▸ Work item
Copy out the listing that follows, exact in every word, and skip the images.

▸ Available records
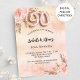 A rose gold, blush pink gradient background. Decorated with rose gold and pink florals, roses, pampas grass. Personalise and add a name and party details. Number 90 is written with a balloon style font.
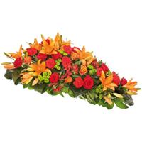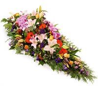 Dessus de cercueil coloré avec feuillage et fleurs de saison - Longueur env. 100 cm -
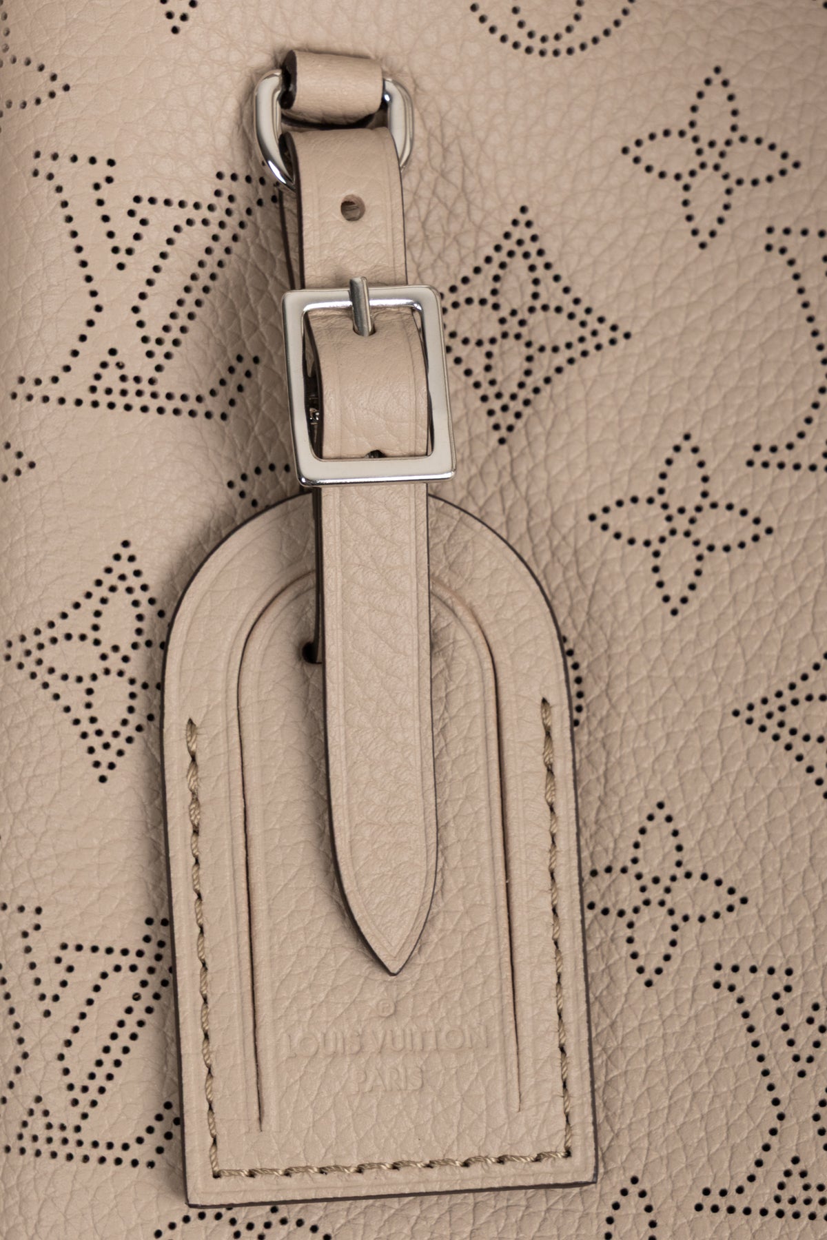 Die Louis Vuitton Hand It All GM Tote Bag in Mahina-Leder in der Farbe Galet verbindet grosszügige Funktionalität mit einer ruhigen, hochwertigen Ästhetik. Das fein perforierte Mahina-Leder mit dezentem Monogram-Motiv verleiht der Tasche Tiefe und Struktur, ohne aufdringlich zu wirken. Der helle, steinfarbene Ton Galet unterstreicht den zurückhaltenden Charakter des Modells und lässt sich vielseitig kombinieren.
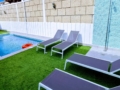 Exterior: sun loungers, jacuzzi, outdoor dining table, comfortable outdoor seating area, shaded pergola, outdoor shower, artificial grass on terrace
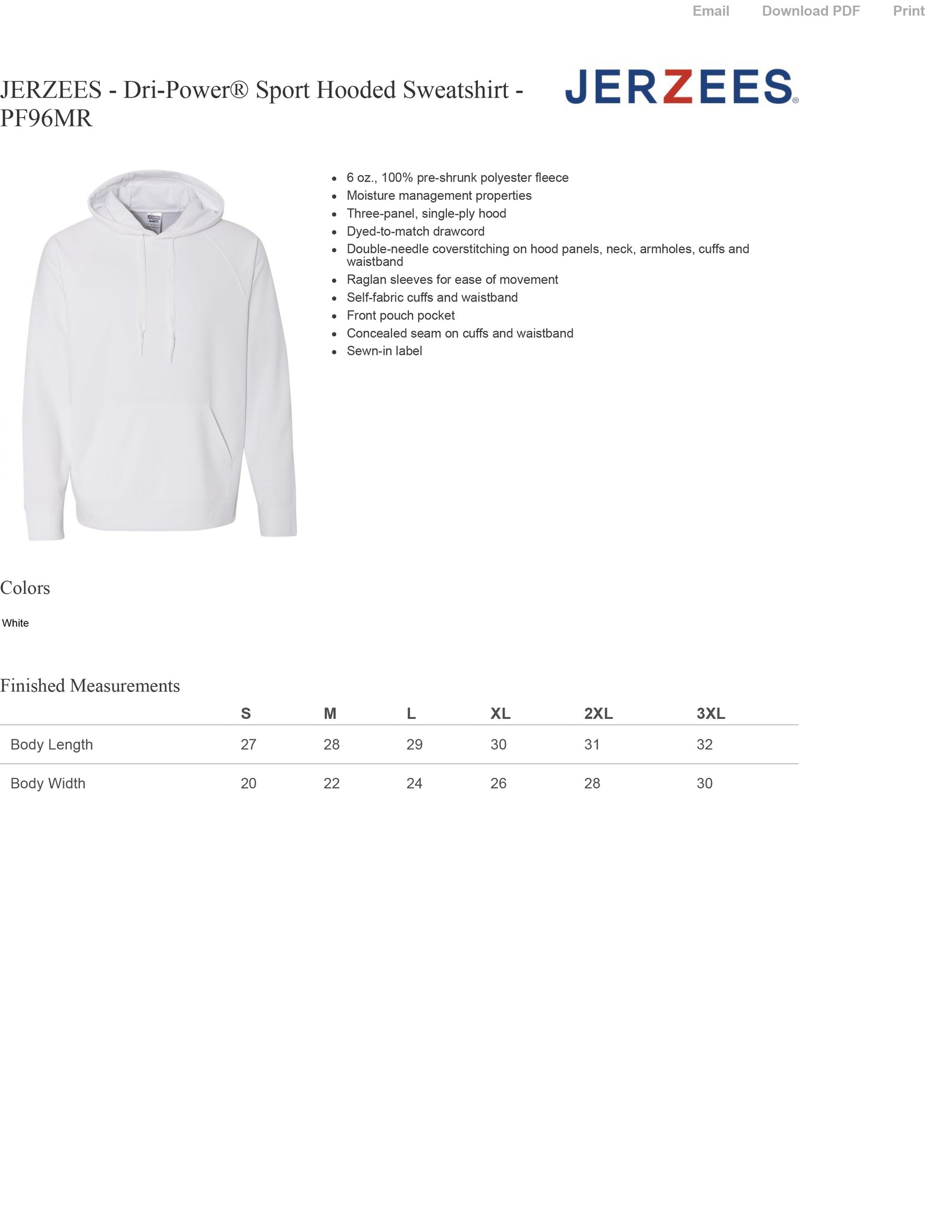 Size Chart Youth T-Shirt Size Chart (100% Polyester) Sizes/Width/Length/Sleeve center back 6M /25.5"/29”/... 12M /28"/31"/… 18M /30”/33.5”/… 2T/13"/15.5"/... XS(2-4)/14"/18"/11.5" S(6-8)/16"/20.5"/13.5" M(10-12)/17"/22"/14.5" L(14-16)/18"/23.5"/15.5" Adult T-Shirt Size Chart (100% Polyester) Sizes/Width/Length/Sleeve center back S/18"/28"/15.63" M/20"/29"/17" L/22"/30"/18.5" XL/24"/31"/20" 2XL/26"/32"/21.5" 3XL/28"/33"/22.88" 4XL/30”/34”/24.25” 5XL (Cotton Only)/32”/35”/…Not Air-Volution Compatible Youth Hoodie Size Chart (100% Polyester) Size/Chest (on 1/2") YXS(2-4)(Cotton Only)/14” Not Air-Volution Compatible YS(6-8)/18.5" YM(10-12)/20" YL(14-16)/21.5" Adult Hoodie Size Chart (100% Polyester) Size/Body Length/Body Width S/27"/20" M/28"/22" L/29"/24" XL/30"/26" 2XL/31"/28" 3XL/32"/30"
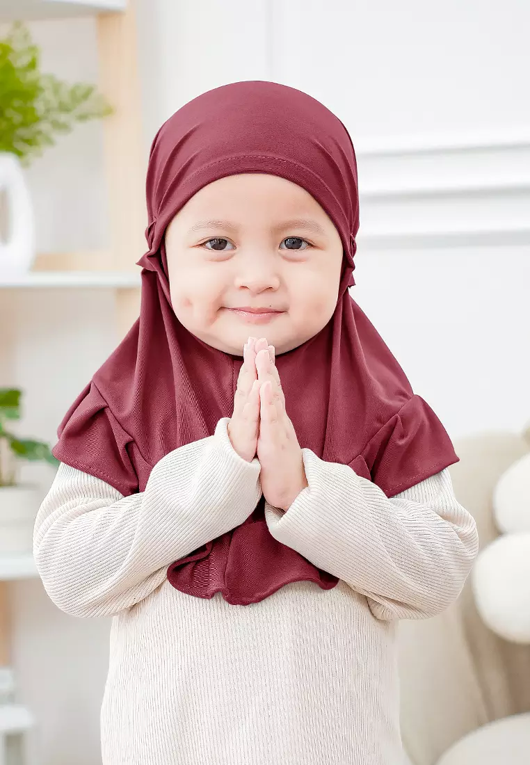 Cotton Bee - Ziva Ruffle Instan | Hijab Instan Anak | Kerudung Jilbab Bergo Tali Anak - Cherry Plum - S
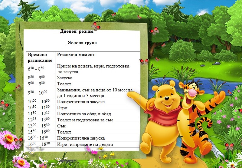 Дневен режим за група „Мечо“ за учебната 2024/2025 година
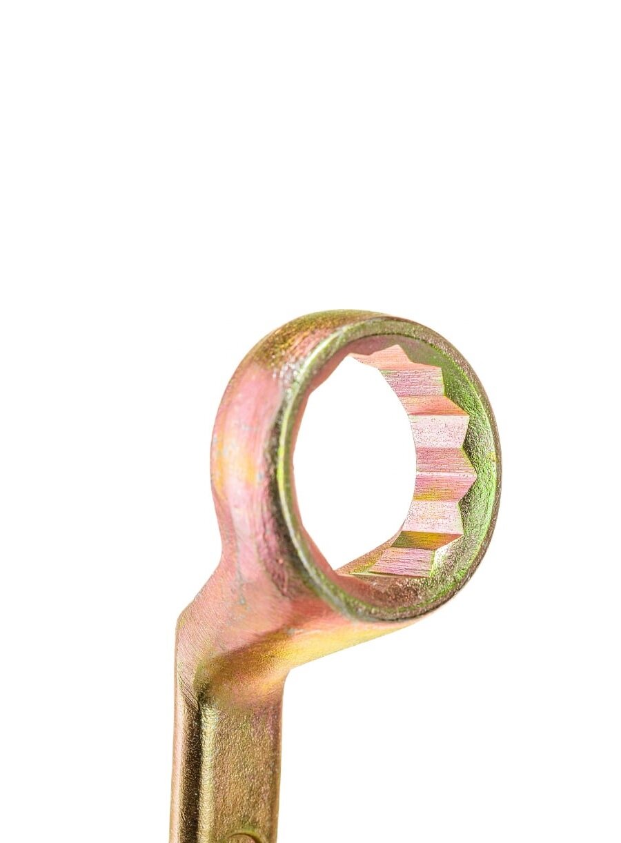 | Прочие особенности и свойства | Ключ гаечный коленчатый имеет два кольцевых зева разных размеров., Профиль кольцевого зева имеет 12 граней, что увеличивает площадь соприкосновения рабочих поверхностей и снижает риск деформации граней крепежа при монтаже., Накидные рабочие части ключа смещены относительно его рукоятки, что позволяет работать в труднодоступных местах., Изготовлен из углеродистой стали. |
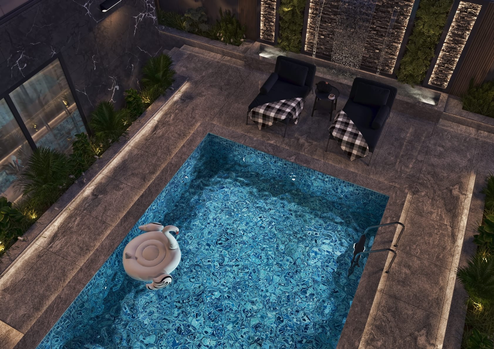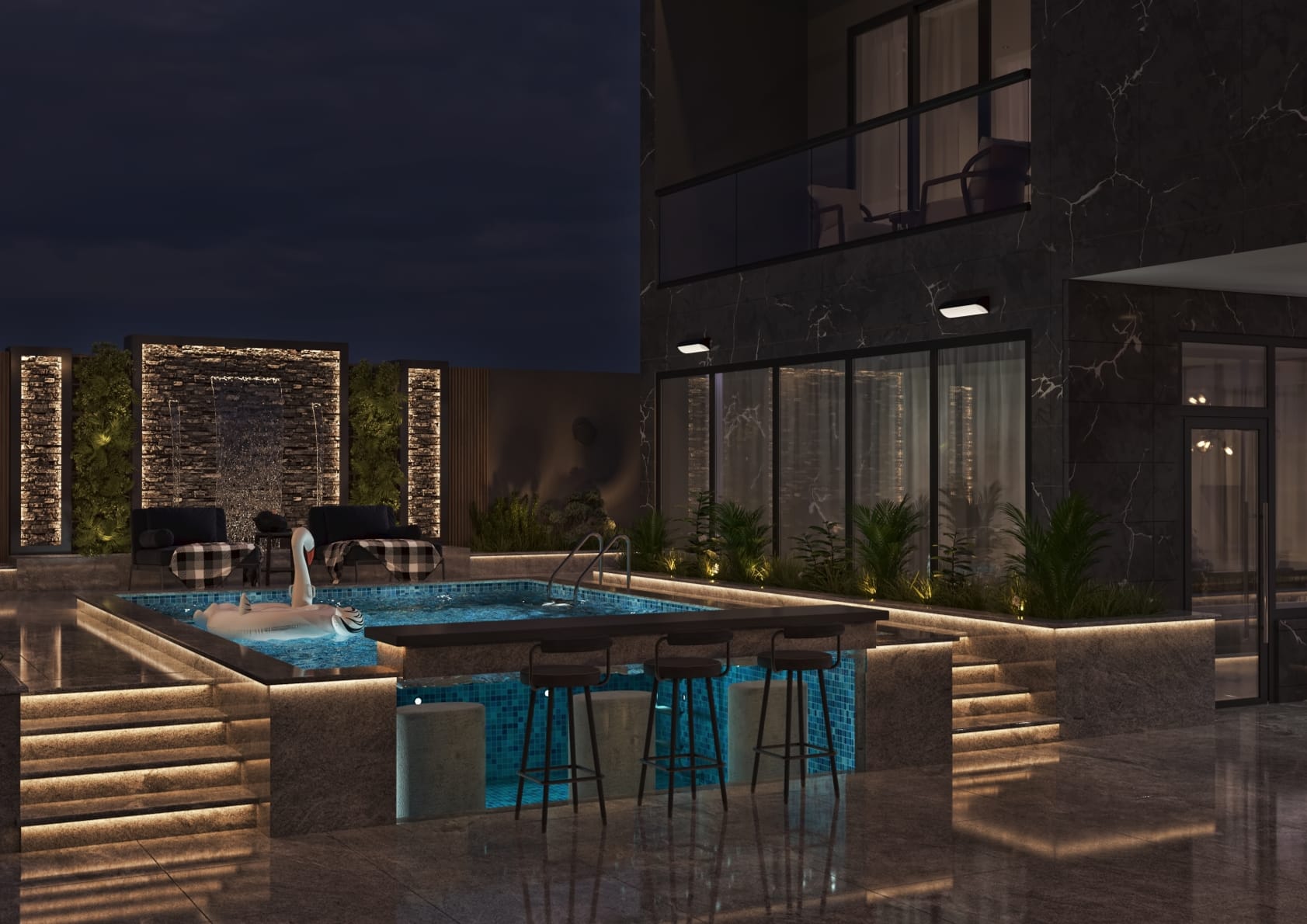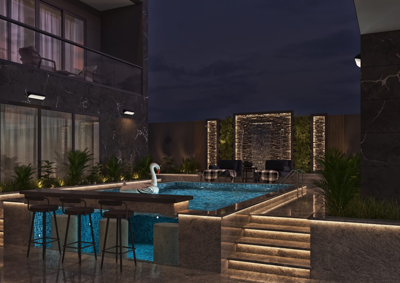 Appropriate lighting contributes to creating a glamorous atmosphere at night and exquisitely highlights the beautiful details of the villa, where dim lighting and directed lighting are used for a spectacular view and a sense of luxury.

▸ Task response
 A rose gold, blush pink gradient background. Decorated with rose gold and pink florals, roses, pampas grass. Personalise and add a name and party details. Number 90 is written with a balloon style font.
 Dessus de cercueil coloré avec feuillage et fleurs de saison - Longueur env. 100 cm -
 Die Louis Vuitton Hand It All GM Tote Bag in Mahina-Leder in der Farbe Galet verbindet grosszügige Funktionalität mit einer ruhigen, hochwertigen Ästhetik. Das fein perforierte Mahina-Leder mit dezentem Monogram-Motiv verleiht der Tasche Tiefe und Struktur, ohne aufdringlich zu wirken. Der helle, steinfarbene Ton Galet unterstreicht den zurückhaltenden Charakter des Modells und lässt sich vielseitig kombinieren.
 Exterior: sun loungers, jacuzzi, outdoor dining table, comfortable outdoor seating area, shaded pergola, outdoor shower, artificial grass on terrace
 Size Chart Youth T-Shirt Size Chart (100% Polyester) Sizes/Width/Length/Sleeve center back 6M /25.5"/29”/... 12M /28"/31"/… 18M /30”/33.5”/… 2T/13"/15.5"/... XS(2-4)/14"/18"/11.5" S(6-8)/16"/20.5"/13.5" M(10-12)/17"/22"/14.5" L(14-16)/18"/23.5"/15.5" Adult T-Shirt Size Chart (100% Polyester) Sizes/Width/Length/Sleeve center back S/18"/28"/15.63" M/20"/29"/17" L/22"/30"/18.5" XL/24"/31"/20" 2XL/26"/32"/21.5" 3XL/28"/33"/22.88" 4XL/30”/34”/24.25” 5XL (Cotton Only)/32”/35”/…Not Air-Volution Compatible Youth Hoodie Size Chart (100% Polyester) Size/Chest (on 1/2") YXS(2-4)(Cotton Only)/14” Not Air-Volution Compatible YS(6-8)/18.5" YM(10-12)/20" YL(14-16)/21.5" Adult Hoodie Size Chart (100% Polyester) Size/Body Length/Body Width S/27"/20" M/28"/22" L/29"/24" XL/30"/26" 2XL/31"/28" 3XL/32"/30"
 Cotton Bee - Ziva Ruffle Instan | Hijab Instan Anak | Kerudung Jilbab Bergo Tali Anak - Cherry Plum - S
 Дневен режим за група „Мечо“ за учебната 2024/2025 година
 | Прочие особенности и свойства | Ключ гаечный коленчатый имеет два кольцевых зева разных размеров., Профиль кольцевого зева имеет 12 граней, что увеличивает площадь соприкосновения рабочих поверхностей и снижает риск деформации граней крепежа при монтаже., Накидные рабочие части ключа смещены относительно его рукоятки, что позволяет работать в труднодоступных местах., Изготовлен из углеродистой стали. |
 Appropriate lighting contributes to creating a glamorous atmosphere at night and exquisitely highlights the beautiful details of the villa, where dim lighting and directed lighting are used for a spectacular view and a sense of luxury.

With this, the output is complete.